Member of Technical Staff, Data Pipeline

Santa Clara HQ
Engineering /
Full-time /
Boson AI is an early-stage startup building large language tools for everyone to use. Our founders (Alex Smola,Mu Li), and a team of Deep Learning, Optimization, NLP, AutoML and Statistics scientists and engineers are working on high quality generative AI models for language and beyond.

We are seeking research scientists and engineers to join our team full-time in our Santa Clara office. As part of your role, you will work on implementing and training deep neural networks, understanding and interpreting model behavior and aligning models to human values. The ideal candidate will possess a strong background in machine learning, and have motivations for developing state-of-the-art models towards AGI. 

We encourage you to apply even if you do not believe you meet every single qualification. As long as you are motivated to learn and join the development of foundation models, we’d love to chat.

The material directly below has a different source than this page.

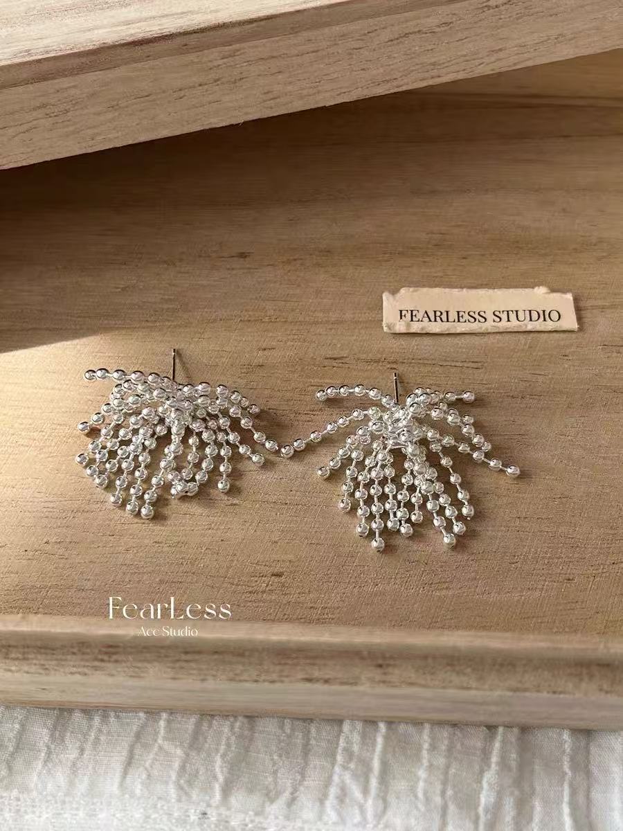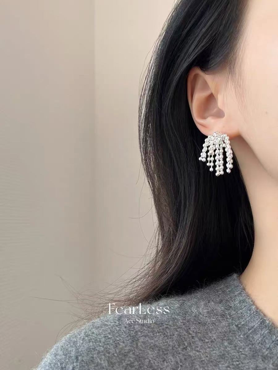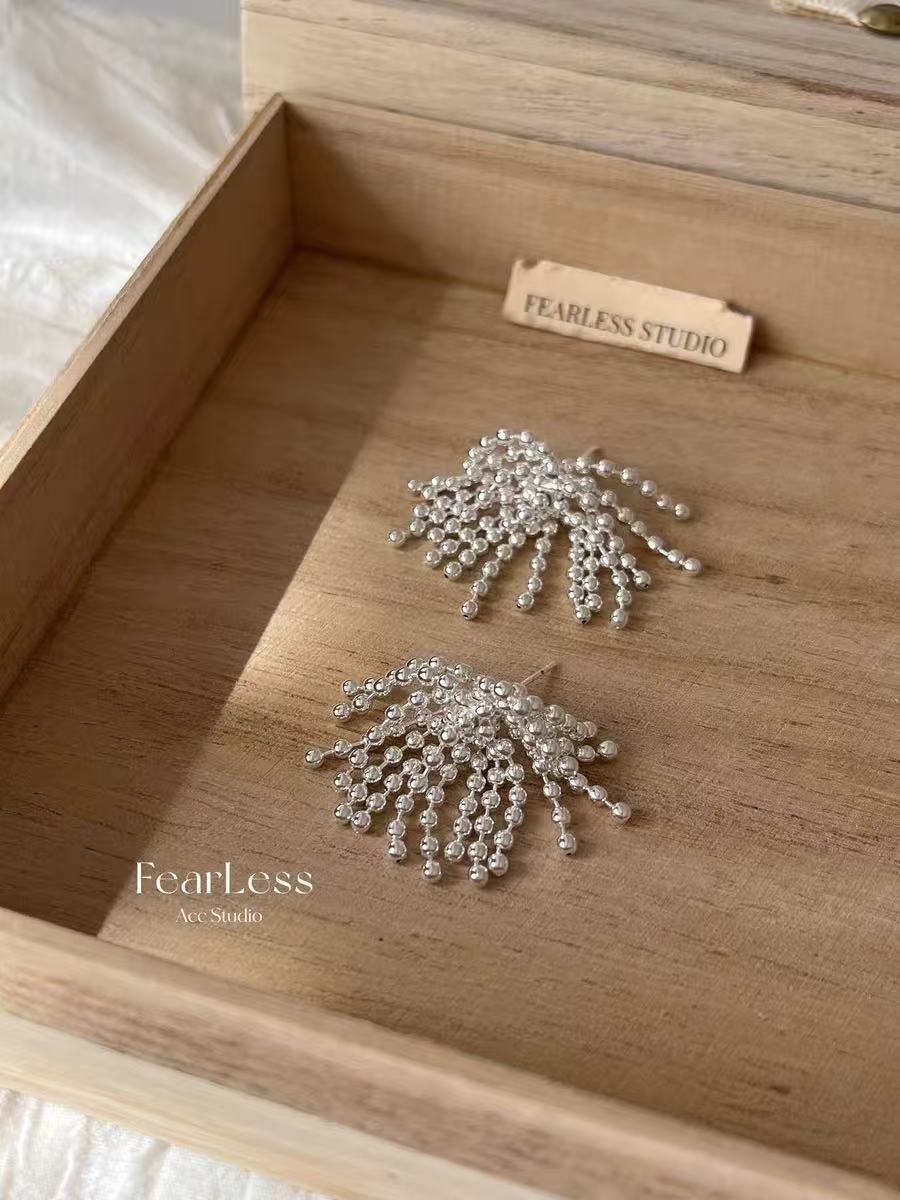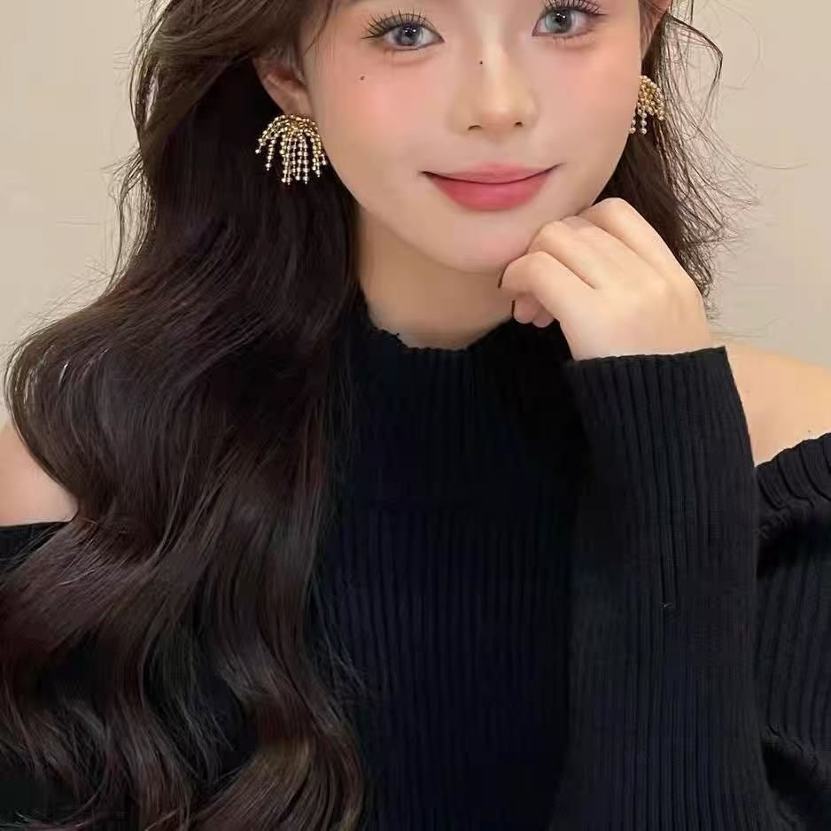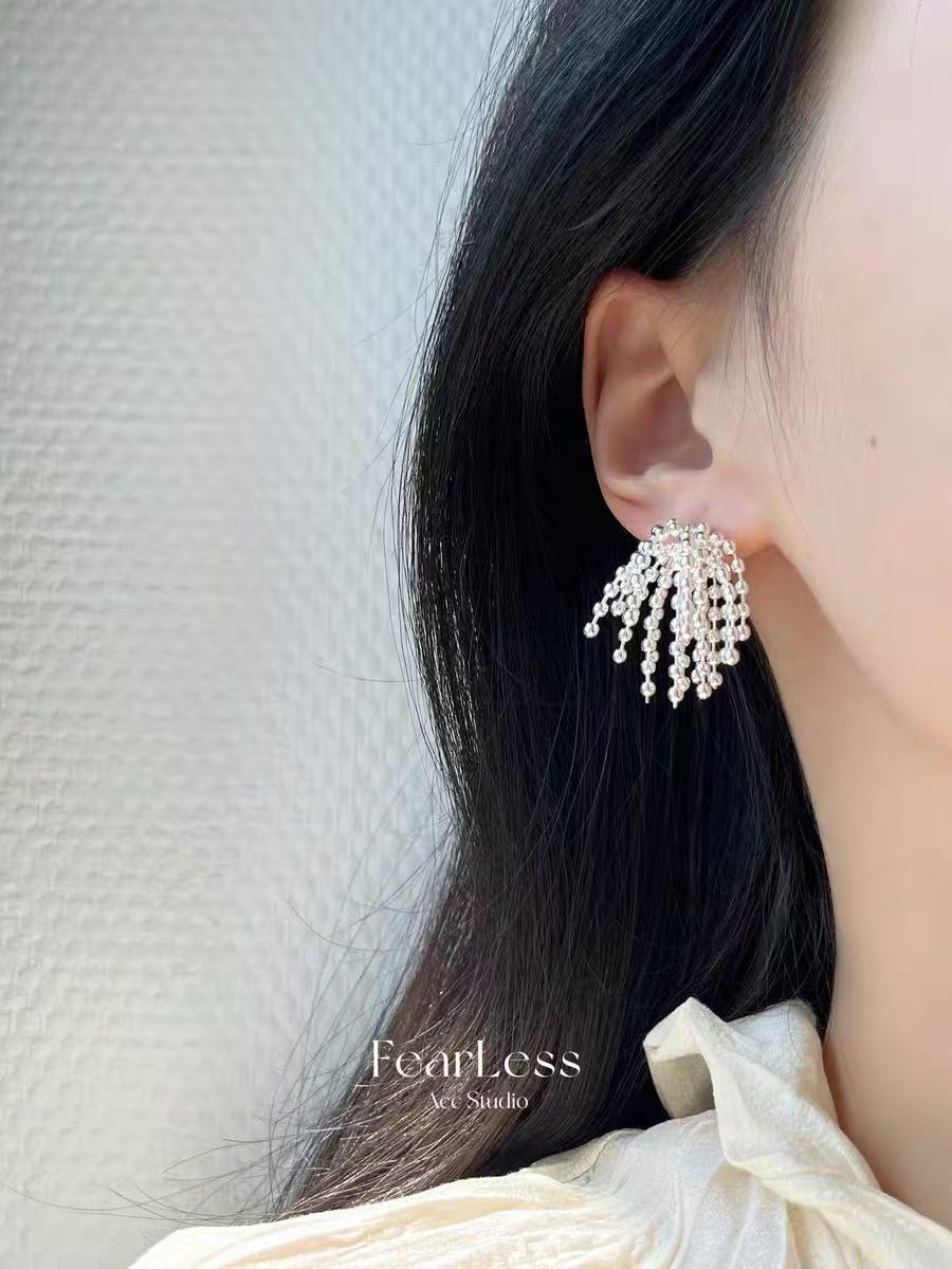 Pendientes de borlas con forma de bola de metal y fuegos artificiales de alta gama para mujer, con personalidad exagerada, ideales para ir al trabajo y combinar con todo.
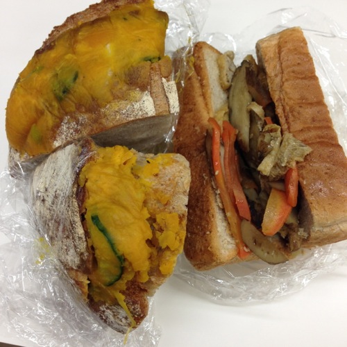 主人のお弁当はかぼちゃサラダとキンピラのサンドイッチでした。

    • Design and develop data collection pipelines to gather and preprocess diverse datasets from various sources.
    • Design and develop data processing pipelines, including data labeling, data filtering, data cleaning, data visualization, data auditing, etc. 
    • Implement machine learning models to improve the quality and diversity of data.

You may be a good fit if you have:

    • Strong proficiency in building large-scale data processing pipelines, familiar with distributed workload (e.g., multiprocessing).
    • Proficiency in at least one programming language commonly used in machine learning, such as Python and ability to write clean, maintainable code.
    • Proficiency in at least one deep learning framework, such as PyTorch.
    • Bachelor's degree in computer science or equivalent.
    • Excellent problem-solving skills and attention to detail, especially when handling data anomalies and biases to further improve data quality.

Strong candidates may also have:

    • Familiar with at least one of the following tools for data labeling (e.g., LabelStudio), data collection (e.g., VPN, Selenium), data processing (e.g., Hadoop, Datasketch). 
    • Experience in building large-scale datasets.  
    • Hands-on experience in the cloud, like AWS, Azure or GCP.
    • Experience in machine learning, e.g., projects in language/vision/audio.
    • Active Github contributions are a big plus.
    • Multilingual which contributes to enriching the language diversity crucial for robust model training. 
    • Experience with fairness, toxicity, data privacy regulations and compliance considerations.